December 18, 2015 | 1.2 Release

 All Data Structures Namespaces Files Functions Variables Typedefs Enumerations Enumerator Macros Groups Pages
Process Array with CUBLAS Library

This tutorial demonstrates VisionWorks array processing with user CUDA code.

This tutorial demonstrates implementation of the AXPY (generalized vector addition) using the CUBLAS Library.

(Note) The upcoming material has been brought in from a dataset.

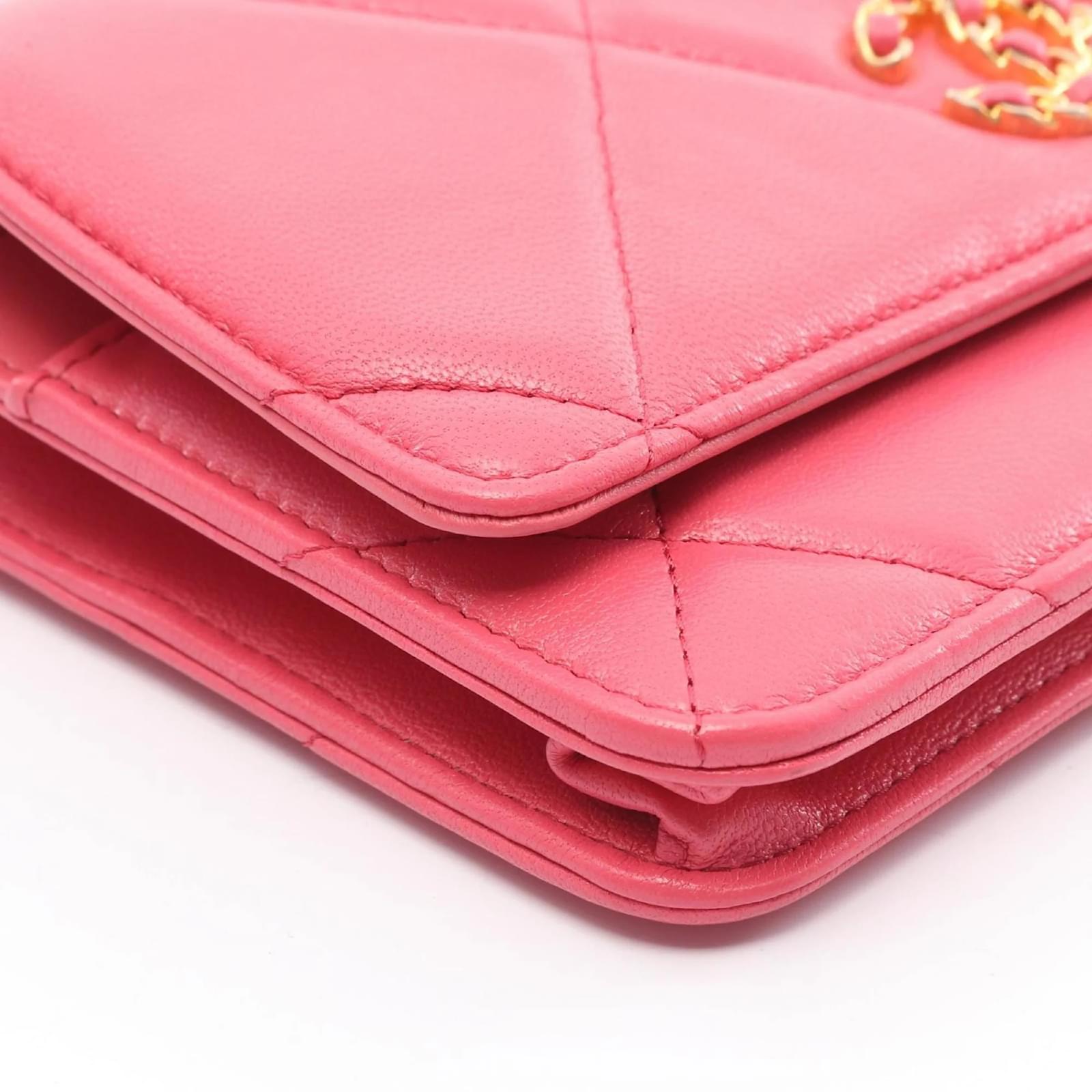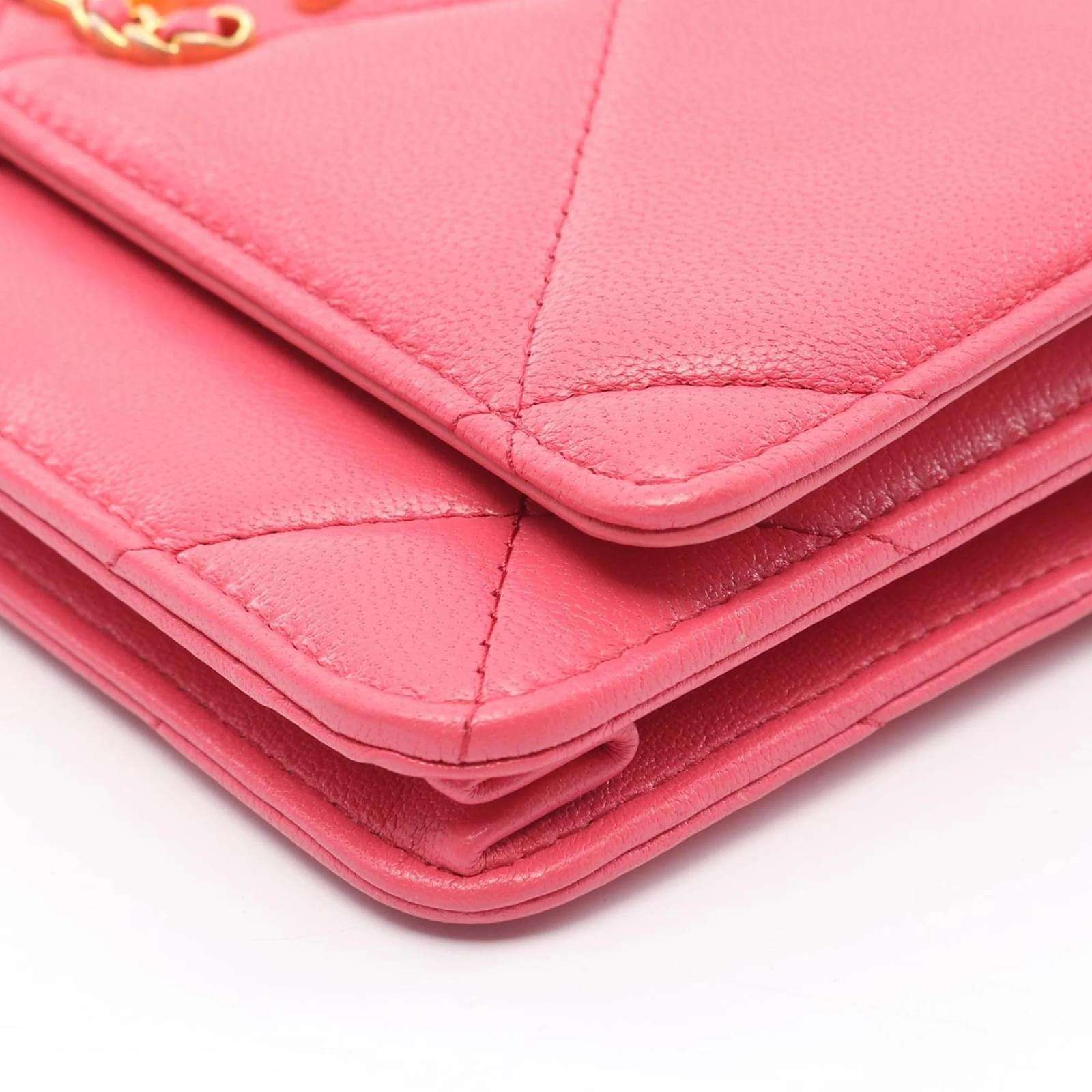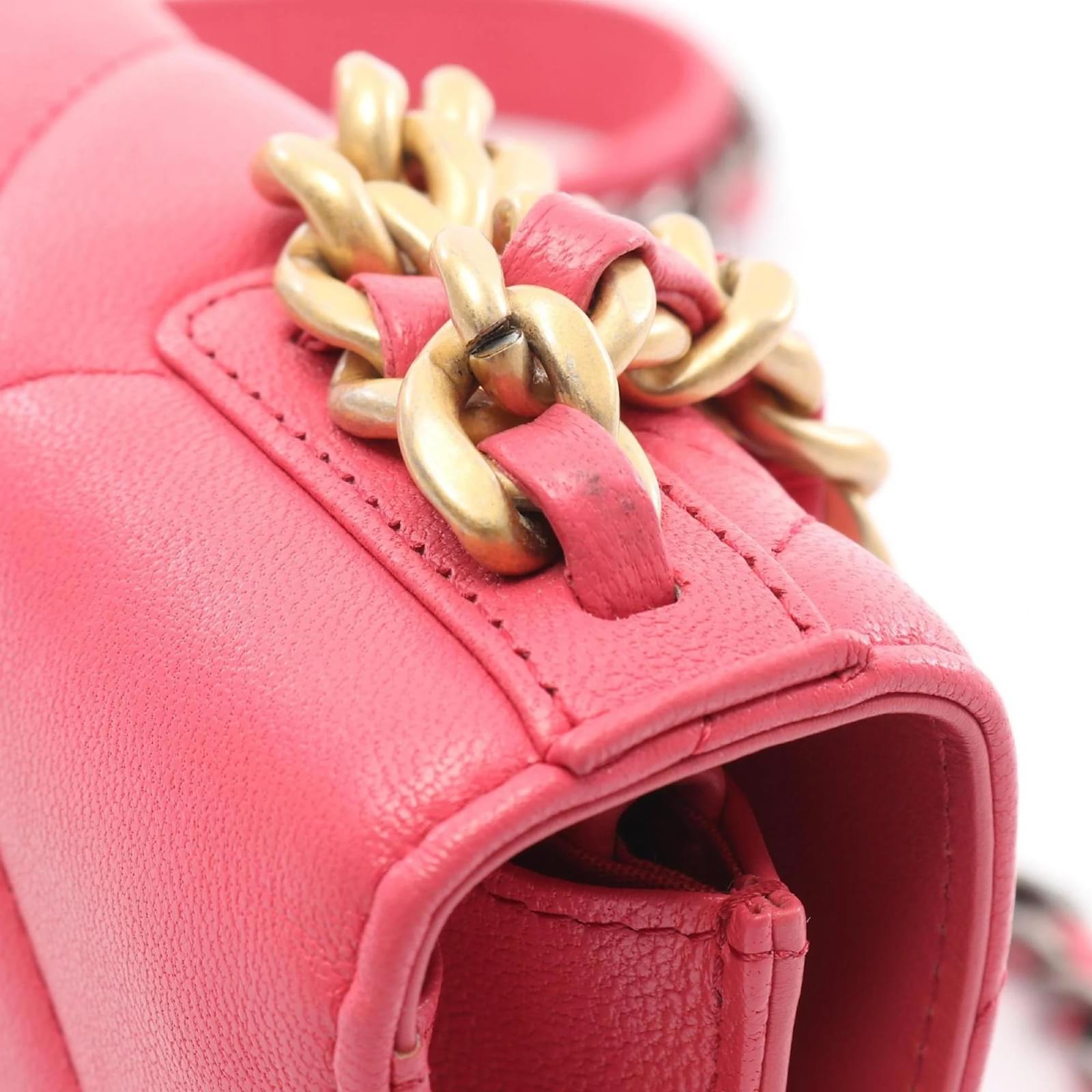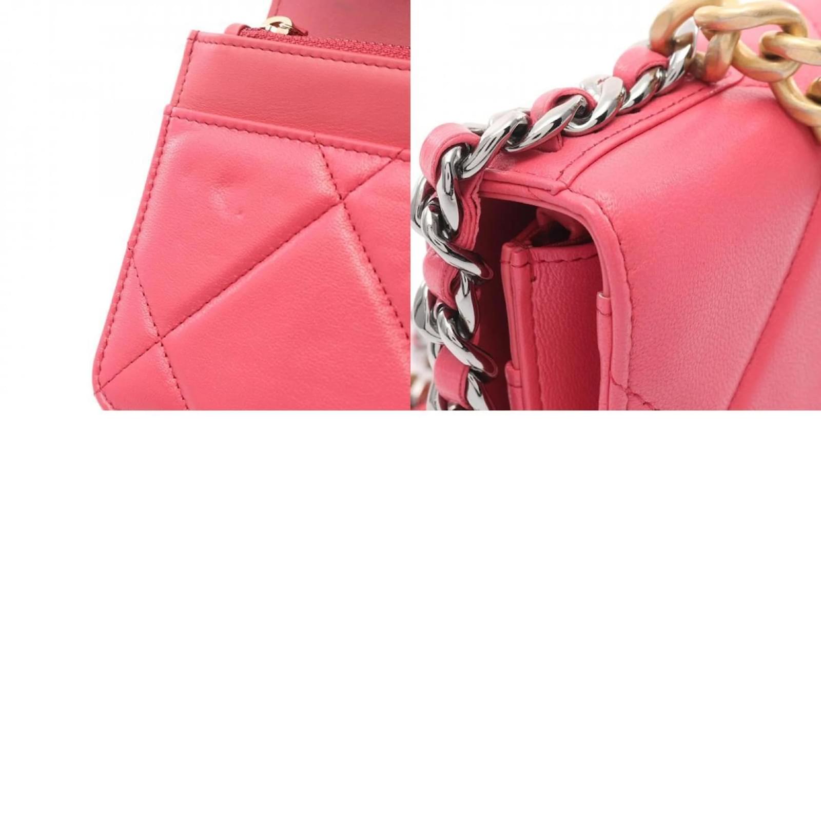 The Chanel 19 Shoulder Bag is crafted from leather in a soft pink hue, measuring 12cm in height, 19cm in width, and 3cm in depth. This stylish bag is designed for women and features a classic shoulder strap for easy carrying. \n\nThis particular item is pre-owned and classified as being in good condition, with slight traces of use, including minor scratches and dirt. It is important to review the provided images to assess the exact condition before purchasing. The bag is part of the Chanel brand, known for its timeless elegance and quality craftsmanship. \n\nAccessories included with the bag are also subject to review through the images provided.

VisionWorks array objects provide CUDA pointers with a simple 1D memory layout, similar to memory allocated by the cudaMalloc function. Array elements are located in contiguous memory segments without any gaps between them.

  1. Determine the number of elements in the input array:

    vx_size num_items_x = 0;
    vxQueryArray(arr_x, VX_ARRAY_ATTRIBUTE_NUMITEMS, &num_items_x, sizeof(num_items_x));
    vx_size num_items_y = 0;
    vxQueryArray(arr_y, VX_ARRAY_ATTRIBUTE_NUMITEMS, &num_items_y, sizeof(num_items_y));
    assert( num_items_y == num_items_x );
  2. Map the array object into the CUDA address space. The vxAccessArrayRange requires a range for access; in this sample, the whole array range [0, num_items) is used.

    Note
    Output pointers should be equal to NULL before calling the vxAccessArrayRange function; otherwise, the function will work in COPY mode, assuming that the pointer refers to a pre-allocated buffer.
    The vxAccessArrayRange function also returns stride in bytes between arrays elements. In VisionWorks, this stride is always equal to the size of the element.
    vx_size stride_x = 0;
    void *ptr_x = NULL; // should be NULL to work in MAP mode
    vxAccessArrayRange(arr_x, 0, num_items_x, &stride_x, &ptr_x, NVX_READ_ONLY_CUDA);
    vx_size stride_y = 0;
    void *ptr_y = NULL; // should be NULL to work in MAP mode
    vxAccessArrayRange(arr_y, 0, num_items_y, &stride_y, &ptr_y, NVX_READ_AND_WRITE_CUDA);
  3. After you get the mapped pointer, you can use it in CUDA kernels and CUDA libraries in the same way as plain CUDA pointers allocated by cudaMalloc function.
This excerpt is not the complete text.